Exercise
Reproduce from the records below, with no pictures, exactly the lines between the one containing "根据稳驰物流的使用数据来看,东风途逸T5" and the one containing "高校工作人员回应食堂吊顶垮塌 未造成人员受伤。", inclusive.

Source material
● ● ● ● ● ● ●
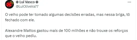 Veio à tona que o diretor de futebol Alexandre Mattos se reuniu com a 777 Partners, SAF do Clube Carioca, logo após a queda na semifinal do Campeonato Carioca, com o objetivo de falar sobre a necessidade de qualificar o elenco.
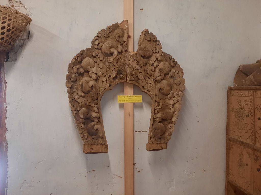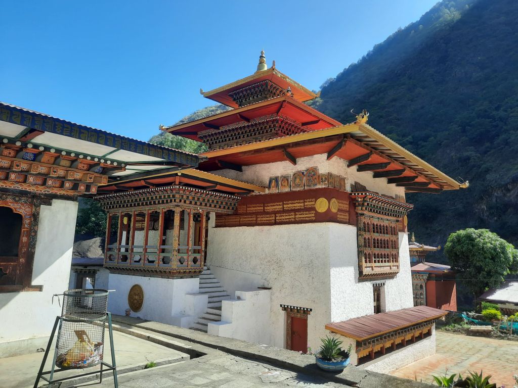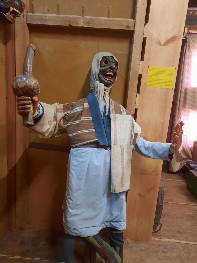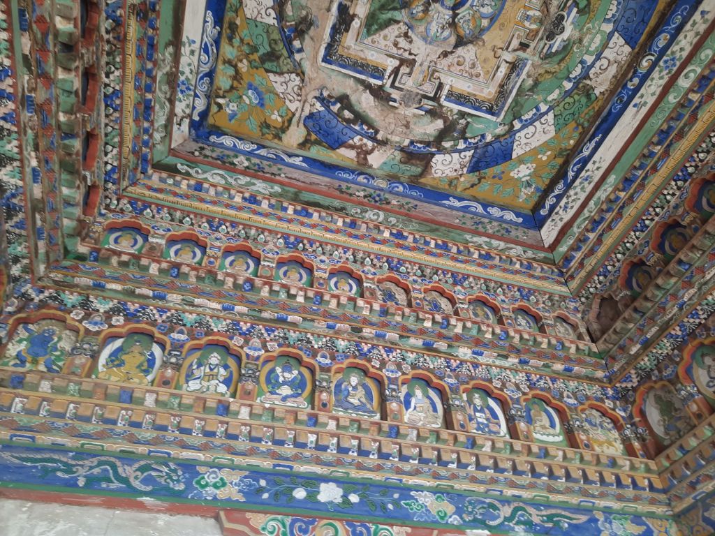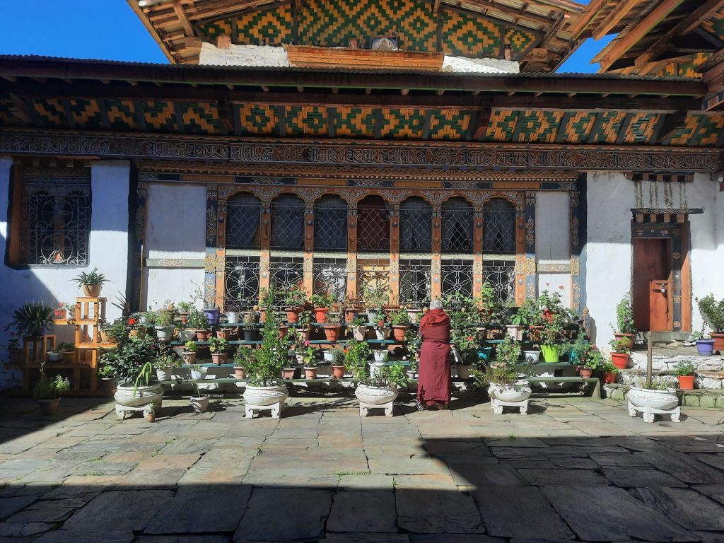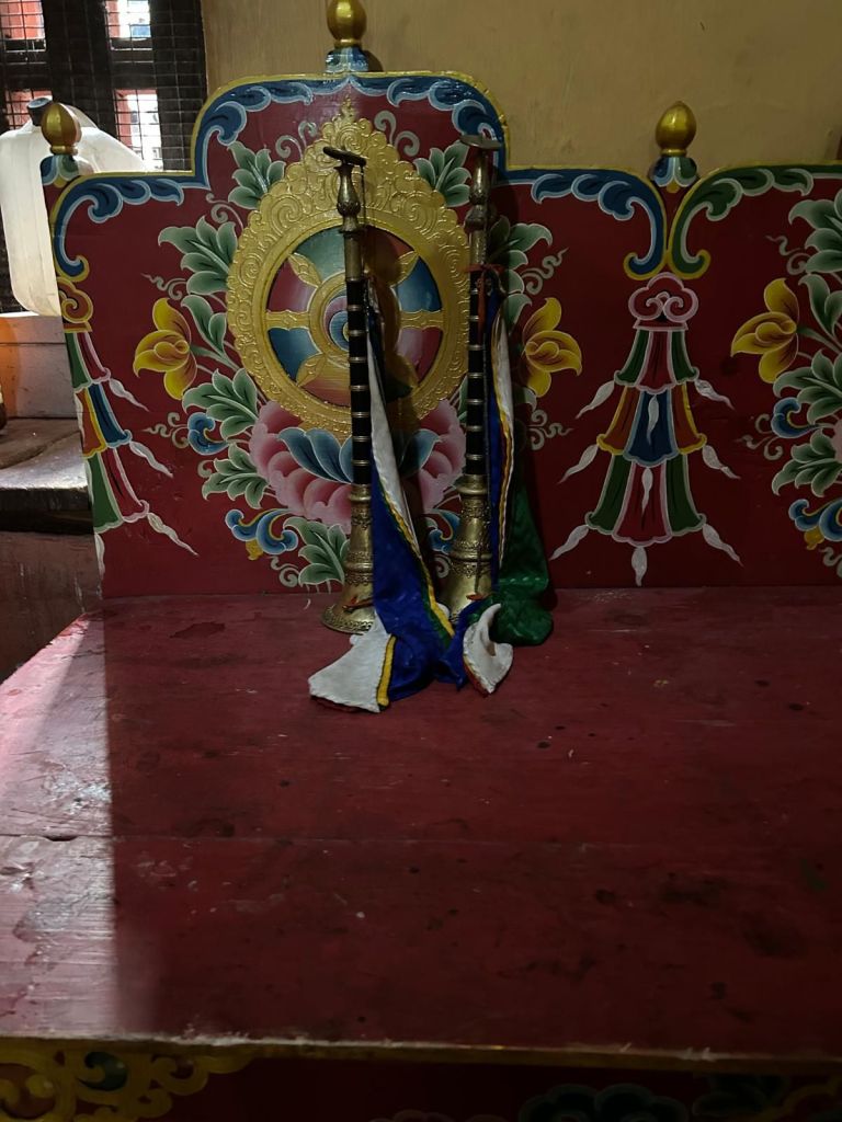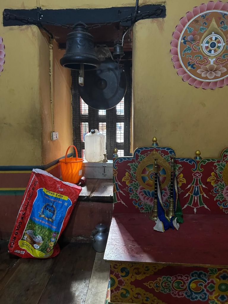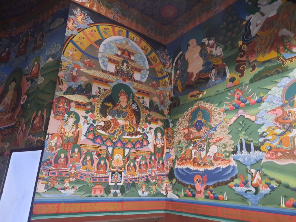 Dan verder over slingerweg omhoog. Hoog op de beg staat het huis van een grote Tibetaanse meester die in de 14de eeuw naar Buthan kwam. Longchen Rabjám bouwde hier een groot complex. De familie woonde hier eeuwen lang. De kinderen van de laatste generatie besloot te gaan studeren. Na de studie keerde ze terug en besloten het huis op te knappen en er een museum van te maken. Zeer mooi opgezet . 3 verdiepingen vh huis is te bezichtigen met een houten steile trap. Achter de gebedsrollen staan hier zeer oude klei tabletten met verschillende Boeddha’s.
● ● ● ● ● ● ●
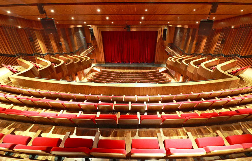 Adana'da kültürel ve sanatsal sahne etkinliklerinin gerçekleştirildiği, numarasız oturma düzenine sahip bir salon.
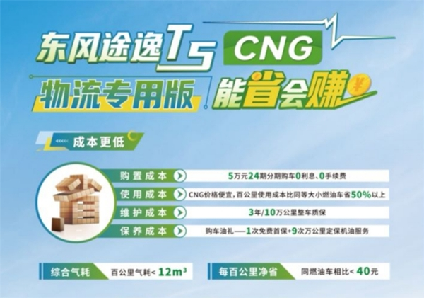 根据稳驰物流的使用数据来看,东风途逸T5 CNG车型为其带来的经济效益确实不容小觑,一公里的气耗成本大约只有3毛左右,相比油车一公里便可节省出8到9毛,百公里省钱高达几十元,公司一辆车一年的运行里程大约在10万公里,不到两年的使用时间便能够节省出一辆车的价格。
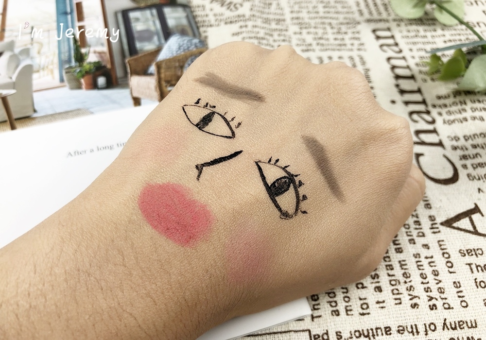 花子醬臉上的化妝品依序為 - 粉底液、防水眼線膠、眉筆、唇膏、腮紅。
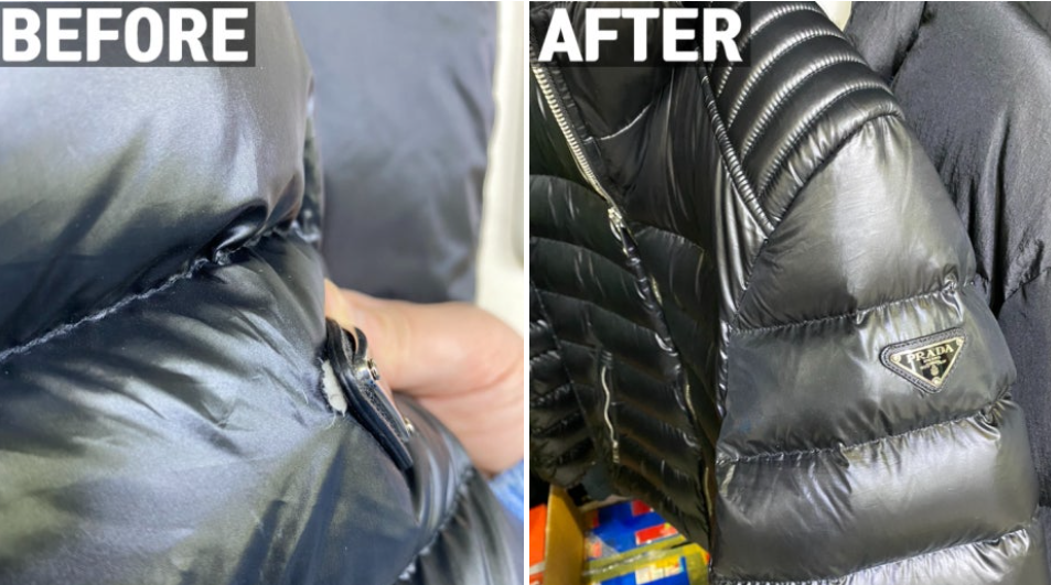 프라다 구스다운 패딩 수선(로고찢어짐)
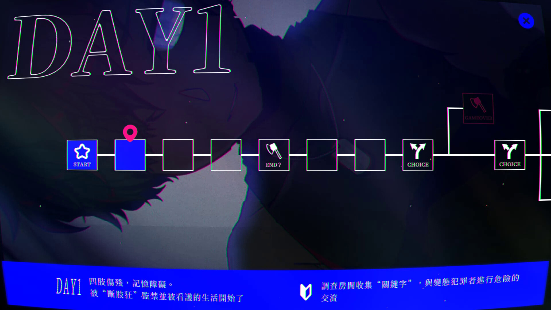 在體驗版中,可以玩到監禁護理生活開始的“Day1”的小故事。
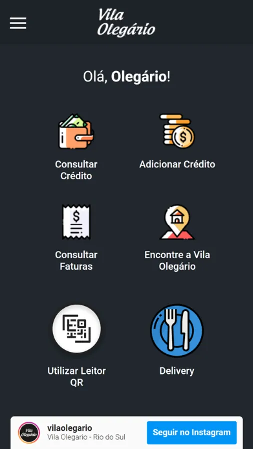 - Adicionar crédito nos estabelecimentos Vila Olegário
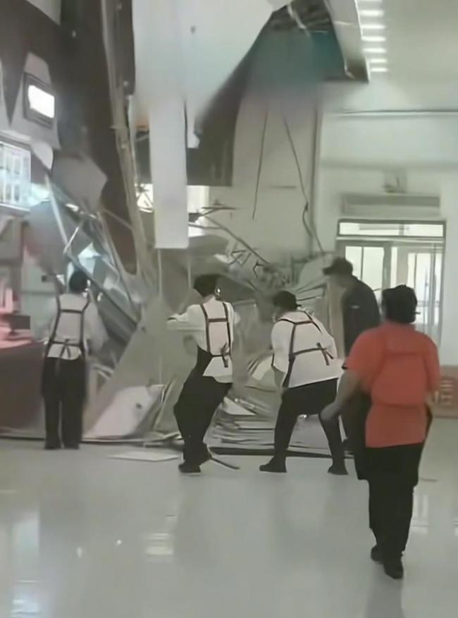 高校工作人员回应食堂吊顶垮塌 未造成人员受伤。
● ● ● ● ● ● ●
Task solution
 根据稳驰物流的使用数据来看,东风途逸T5 CNG车型为其带来的经济效益确实不容小觑,一公里的气耗成本大约只有3毛左右,相比油车一公里便可节省出8到9毛,百公里省钱高达几十元,公司一辆车一年的运行里程大约在10万公里,不到两年的使用时间便能够节省出一辆车的价格。
 花子醬臉上的化妝品依序為 - 粉底液、防水眼線膠、眉筆、唇膏、腮紅。
 프라다 구스다운 패딩 수선(로고찢어짐)
 在體驗版中,可以玩到監禁護理生活開始的“Day1”的小故事。
 - Adicionar crédito nos estabelecimentos Vila Olegário
 高校工作人员回应食堂吊顶垮塌 未造成人员受伤。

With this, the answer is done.